Saturday, February 13, 2016

Clear Creek

Last weekend Jacob and I took off for the Grand Canyon planning to head down to Clear Creek and spend the night.  After a cold week in Flagstaff, we were looking forward to some warmer temperatures in the canyon, but on the drive over we watched the thermometer slowly sink to 0 before rising up to the mid 20s when we got to the park.  After parking the car we at the visitors center we took the shuttle to the Kaibab Trailhead and took off into the canyon.  Actually we started fairly gingerly as there was still a bit of snow on the trail.

Halfway down
We made it down to the river in less than an hour and a half and soon were at Phantom Ranch where we filled up our bottles and headed up the trail.  After turning off on the Clear Creek trail we took a quick break to eat and then were back underway.  The day heated up a little at times as we made our way along the Tonto Platform but there was almost always a nice little breeze to keep us cool.  We moved along pretty quickly and soon found ourselves heading down the red hillside into Clear Creek.  We reached the creek and decided to head upstream a ways where there are some Native American ruins at the foot of a canyon wall.

The Zoroaster Temple

Hanging out by the ruins

Pretty fascinating to think about

After eating a late afternoon snack at the Native American ruins and taking some time to check them out, we headed back down the stream and looked for a place to camp.  We found a nice spot for the bivy sacks, ate dinner, then wandered down the creek a little ways before we crawled into the bags and  went to sleep.  Of course at 6:30, we weren't all that tired so we watched the stars for a while before settling down to sleep.  Clear Creek was definitely warmer than our night in the Mazatzal Mountains, but camping by the creek lead to a bit more humidity and condensation was soon forming on the inside of my bag.  The way to deal with condensation is to open up your bivy sack and get more air flow, but this also means a colder night.  Fortunately, it wasn't all that cold and I slept nearly the entire night without waking up.

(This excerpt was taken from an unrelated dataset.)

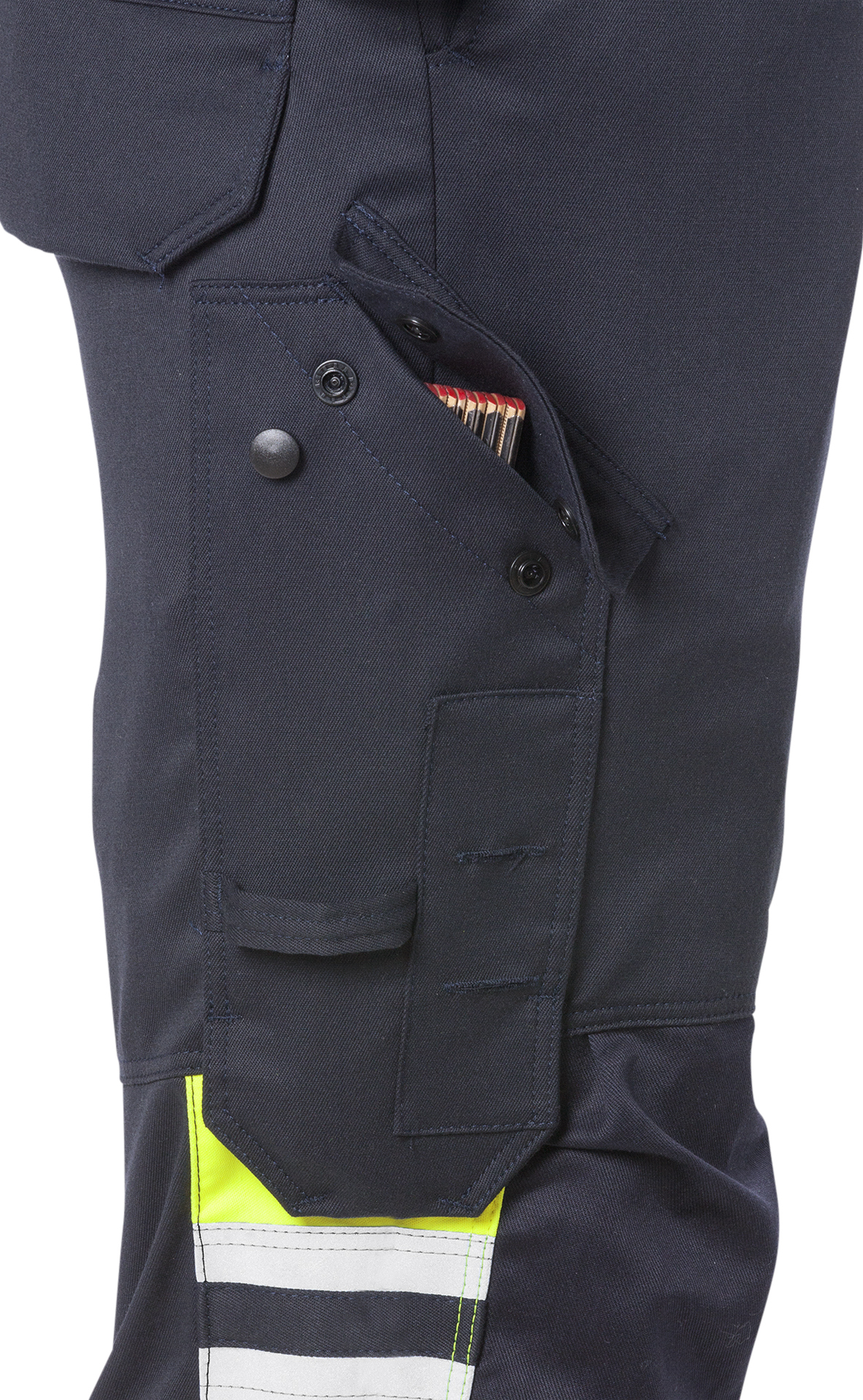 Stretch-Material / schmutz-, öl- und wasserabweisend / 2 Vordertaschen / 2 CORDURA®-verstärkte Gesäßtaschen mit Patte und verdecktem Druckknopfverschluss / Doppelt verstärkte Schrittnaht / Hammerschlaufe / CORDURA®-verstärkte Zollstocktasche mit Patte und verdecktem Druckknopfverschluss und Knopf sowie Schlaufe für Arbeitsmesser / Beintasche mit Patte und verdecktem Druckknopfverschluss, Handytasche mit Patte und Klettverschluss, D-Ring unter der Patte / CORDURA®-verstärkte Knietaschen, von innen zugänglich / Höhenanpassung der Kniepolster in den Knietaschen möglich / CORDURA®-verstärkte Beinabschlüsse / Doppelnaht an Reflexstreifen / Geprüft und zugelassen gemäß EN 14404 zusammen mit den Knieschoner 124292, EN 61482-1-2 Klasse 1, EN 61482-1-1-1 EBT: 10,3 cal/cm2 HAF: 80% (siehe Lichtbogentabelle für zertifizierte Bekleidungskombinationen nach EN 61482-1-2 Klasse 2 und offener Lichtbogen nach EN 61482-1-1-1), EN ISO 11612 A1 B1 C1 F1, EN 1149-5, EN ISO 11611 A1 Klasse 1 (siehe Flamm- und Schweißtabelle für zertifizierte Bekleidungskombinationen), EN 13034 Typ PB[6], EN ISO 20471 Cl 1 / Industriewäsche geeignet gemäß ISO 15797 / OEKO-TEX® zertifiziert.

When morning came we packed up quickly and were soon on the trail heading of the Clear Creek drainage.  Breakfast was chilly but it didn't take long for us to warm up on the climb and start shedding clothes.  After a couple short stop to lose some clothes, we were cruising along the Tonto Platform enjoying a warm sunny morning in the canyon.  We didn't see anyone until we were descending down toward Phantom Ranch where we filled up our bottles and started the climb back up to the South Rim.


Getting under way

Up and out

The Tonto Platform

Just upstream from Phantom Ranch
We started the hike up to the South Rim and decided to just eat on the walk to save some time so we munched on sunflower seeds, dried fruit, and jerky for the first section of the climb.  Once we reached the Tipoff we caught up with a group of mules who were only a couple hundred yards ahead of us.  Initially we were worried we'd be eating dust to the rim, but as soon as we caught up to the mules the skinners stopped the train and let us by.  What great guys!  Jacob and I continued on the long sunny section up to Skeleton Ridge and then on to Cedar Ridge where the cool air from the rim was finally starting to come down.  The climb was pretty uneventful as we saw quite a few people and mostly just chugged along.  The one mind boggling thing was the people, well, the canyon is mind boggling too.  First, you have no clue how many people where yak tracks to the bottom on the Canyon.  Maybe the first mile was icy.  Also there was this older dude who was wheeling something like a wheelbarrow full of stuff down the Kaibab.  I kid you not.  First, I don't think you can have wheeled vehicles in the canyon.  Second, how was he going get that think out?  Last, if your one mile into the canyon after noon, I sure hope you can make it to the bottom.  Anyhow, we were nearly out and ready to jog the last couple miles along the rim back to the car when we hit mule train number 2.  These were not the supply mules this time, but the touring group.  Anyhow, I have no doubt they cost us 15 minutes in the last quarter mile.  I don't think mules should be in the canyon at all, but this group really pissed us off.  Anyhow, we enjoyed a quick jog along the rim and hopped in the car much sooner than anticipated.